Exploring the Unbeaten Path — A Bamboo Gravel Lugged Build Kitted Up and Ready
This bike is not hanging around.
Look at the setup: Pirelli gravel tyres on Hunt wheels, a grey waxed-canvas frame bag strapped tight across the top tube, two pink water bottles in the cage, and flared drop bars wrapped in multicoloured bar tape. Hydraulic disc brakes. This is a bike you pack the night before and leave at 4am.
The frame itself is BBC's Gravel Lugged build — bamboo main tubes flowing into black CNC-machined aluminium junctions at the head tube, bottom bracket, and seat cluster. It's a genuinely handsome combination: warm golden bamboo against the precision of black metal lugs. Functional and good-looking in equal measure.
The quote says it all: "Exploring the unbeaten path with my Bamboo Gravel lugged frame." That's the whole point of this build category. You're not building a race bike. You're building a go-anywhere, do-anything machine that happens to look unlike anything else at the bike park or the trailhead.

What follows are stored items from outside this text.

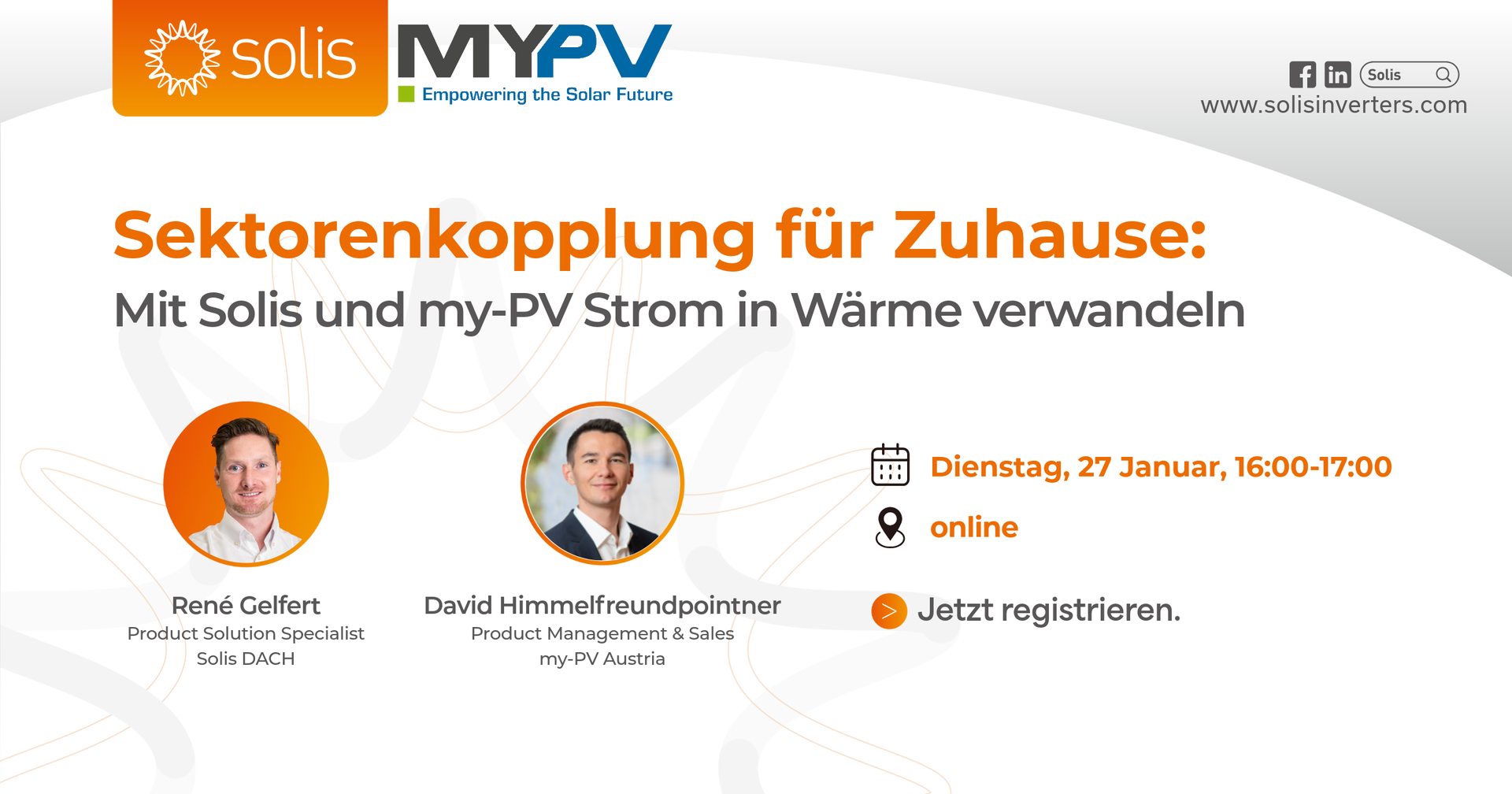 Want to learn more about how my-PV’s solar-electric solutions can be used with Solis inverters? Then register now for the partner webinar, conducted by experts from both companies. It will take place on Tuesday, January 27, 2026, at 4:00 PM
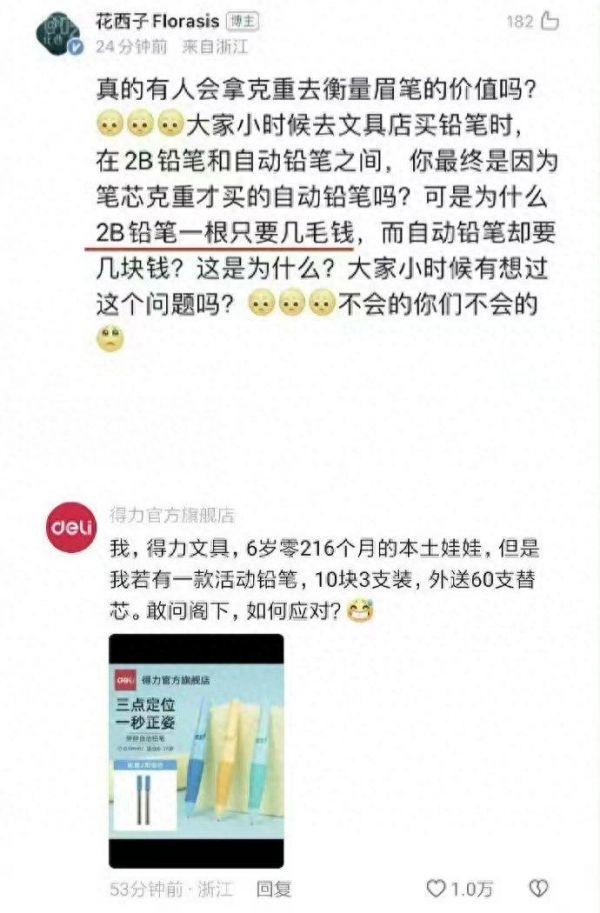 得力官方账号直接在评论区回怼:我,得力文具,6岁零216个月的本土娃娃,但是我若有一款活动铅笔,10元3支装,外送60支替芯。敢问阁下,如何应对?
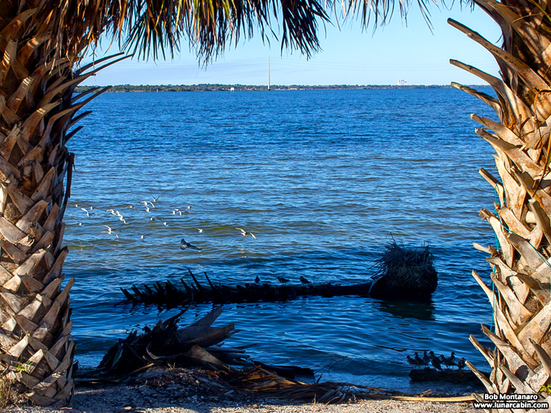 Sanderlings fly in to roost on a fallen palm in the waters of the Banana River. Note the birds congregated in the bottom right foreground. Along the horizon the massive bulk of the Vehicle Assembly Building at Kennedy Space Center looms above the distant tree line.
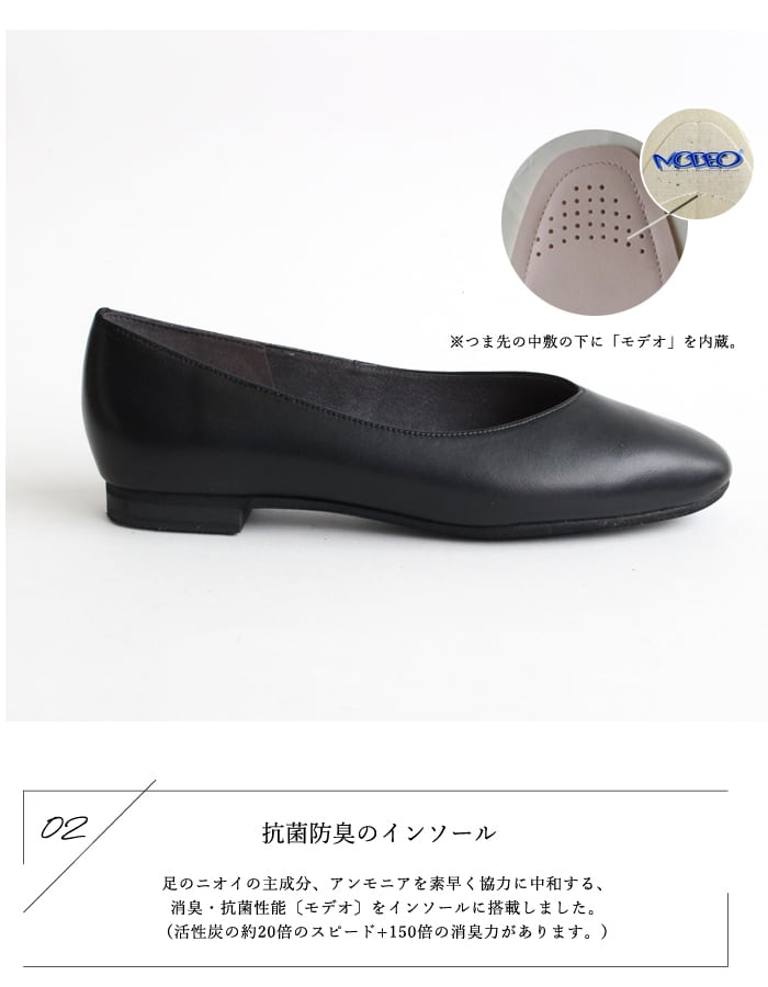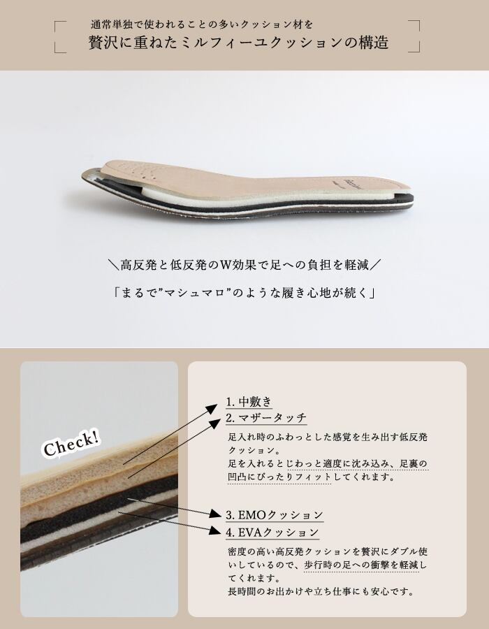 シンプルで足なじみの良い日本製レザーシューズ。インソールには4層に重ねたふわふわクッションを使用し、歩行時の足への衝撃を軽減。気になる消臭・抗菌性能も搭載しています。
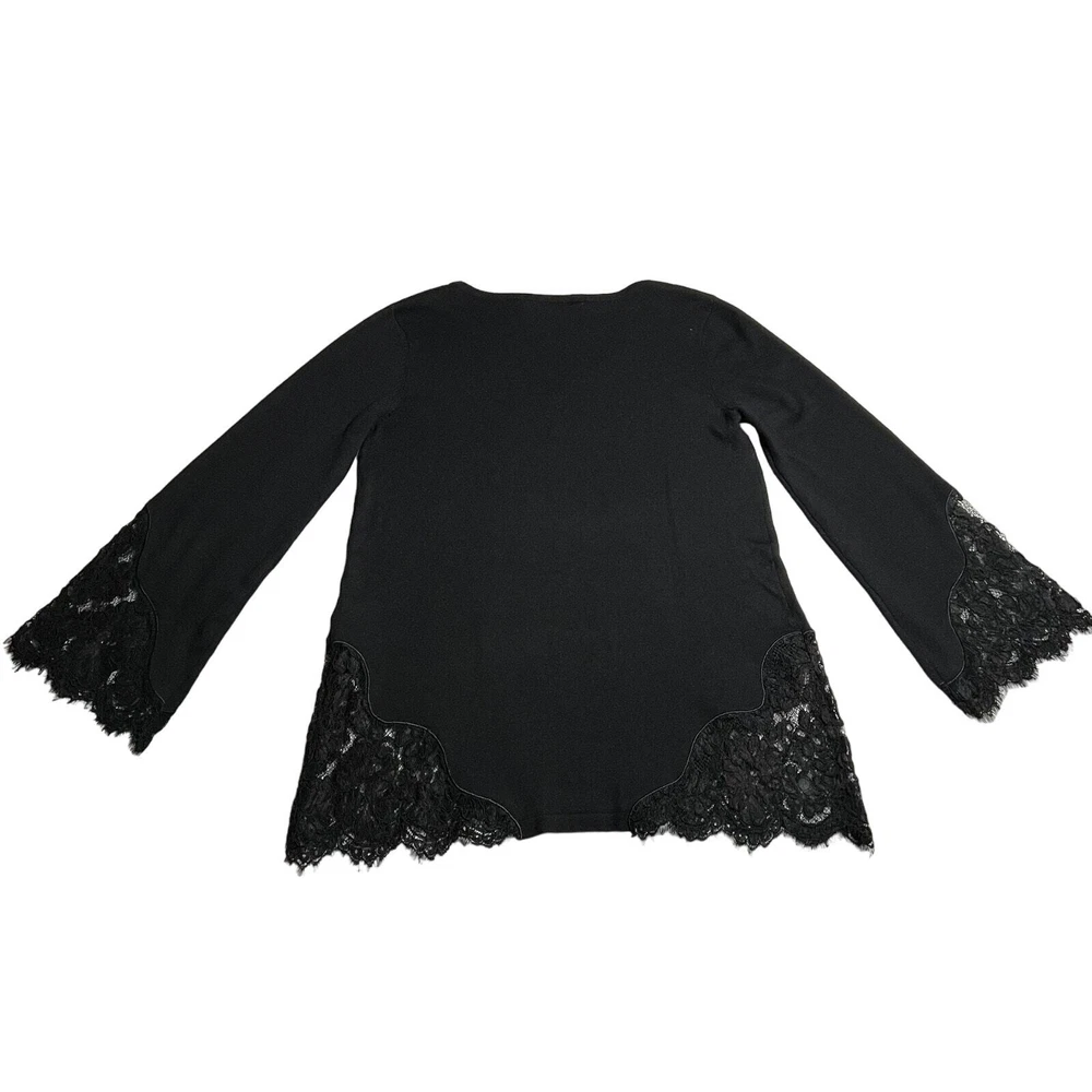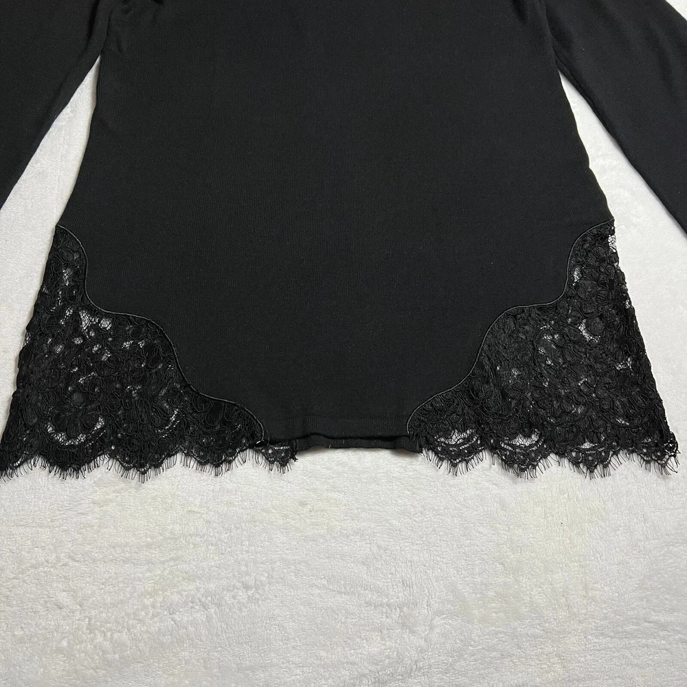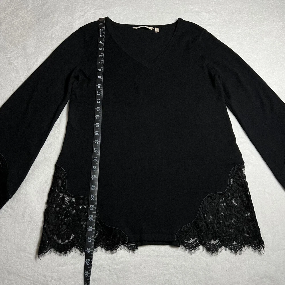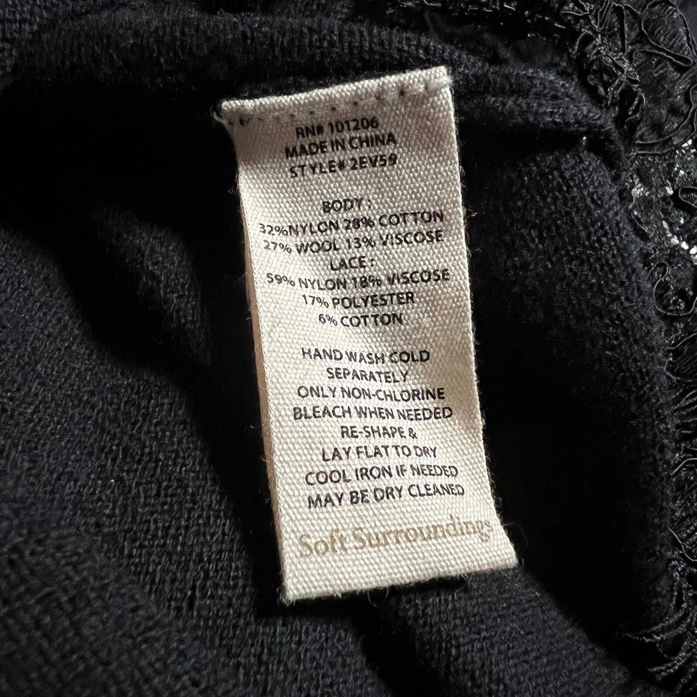 Soft Surroundings V-Neck Wool Blend Lace Trim Sweater Size X-Small Neutral CONDITION: Pre-Owned. Excellent Used Condition. FLAWS/ALTERATIONS: No flaws. COLOR: Black SIZE: Women’s Size X-Small DETAILS: V-Neck Long sleeve Lace trim on sleeves and body Stretch Wool blend Pull over MEASUREMENTS: Chest: 18.5" Full Length: 28.5" **All measurements are approximate and are taken flat** MATERIAL: BODY: 32% Nylon 28% Cotton 27% Wool 13% Viscose LACE: 59% Nylon 18% Viscose 17% Polyester 6% Cotton Bundle 2 OR MORE items to save more! Reasonable offers are welcomed! TAGS: Casual Comfy Fall Winter Contemporary Minimalist Boho Bohemian Cottagecore Neutral Basic Effortless Layers

What strikes you about this photo — the bike leaning against that deep red wall — is how thoroughly kitted out it is. This isn't a build waiting for a first ride. Someone has already ridden this plenty. The drivetrain has that used-but-looked-after quality. The frame bag is positioned for proper ergonomics, not just for the shot.
Bamboo absorbs vibration better than most materials. On gravel — chunky sections, loose stone, the occasional rooted forest track — that matters. The frame does some of the work the tyres can't, damping out the high-frequency buzz that wears you down on long days in the saddle.
Multi-day bikepacking is where this build makes most sense. Load it up, point it somewhere interesting, and see how far you get before you have to sleep.
The answer, judging by this, is a long way.